The Redwood CLI is truly the main selling point of the framework. Because Redwood knows everything about your technical stack and project structure, the Redwood team has been able to add a ton of powerful tools to their CLI including a suite of generator functions.
Things like adding an entirely new model with CRUD endpoints and pages are one yarn redwood g ModelName
command away. Same thing goes for adding things like authentication, mailers, and deployment configuration from tons of providers.
This saves developers a fair amount of time at the beginning of a project scaffolding the application. Redwood doesn’t get rid of the need for a lot of the boilerplate code, but its CLI does write it for you.
There’s more, but…
There’s a ton more that Redwood can do for you out of the box. It is a “batteries included” framework with loads of integrations and plugins. Where it can’t quell the complexity of building an SPA, it quiets it for you and gives you a pattern for reasoning through it.
But, before running yarn create redwood-app
to create your next project (especially as a startup), I want you to ask yourself:
Does this app need to use CSR?
It’s more than likely – thanks to tools like Remix and Hotwire that are bringing an SPA-style UX to traditional SSR applications – that the answer is no.
Redwood’s entire framework is predicated on saving developers time by doing all of the CSR configuration work for them. But don’t let Redwood’s abstractions be a distraction from the fact that all of that complexity can be avoided for the life of your project by avoiding CSR altogether.

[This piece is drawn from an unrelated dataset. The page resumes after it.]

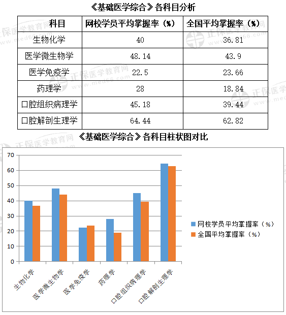 (2)《口腔臨床醫(yī)學綜合》這個模塊,屬于考試的重中之重,也是考試所占分值最大的一個模塊。根據網校學員各科目掌握率進行分析,仍然是兒童口腔醫(yī)學正確率偏低,與全國考生掌握率相似,所以判斷兒童口腔醫(yī)學2021年考試難度應該較大。其余幾個科目學員個人掌握率均>全國掌握率,說明網校學員對于這幾門課程的掌握還是比較牢固的。因此在以后的學習中,網校會針對兒童口腔醫(yī)學的課程內容講解以及題目的內容進行相應的更新,將課程內容講解的更加細致。
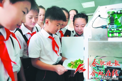在庐阳工业区的一家高科技企业内,几位科大毕业的大学生创业,并发明了一款为“懒人”准备的炒菜机器人,很快将投入市场。

In a sense, I feel Redwood falls into a trap that many startups do…
Right problem – wrong solution.
Let me reiterate that I deeply wanted to love Redwood. Its all-star team identified real problems that I experienced for years when building web applications with modern approaches like SSG and CSR. However, I don’t feel the abstractions and conventions they provide are enough of a solution to the underlying issues of that architectural style.
But I’m also highly aware that this is only version 1.0 – it’s an MVP. I’m still going to keep a close eye on Redwood, and I hope future iterations of the framework will push the paradigm of JAMstack applications forward.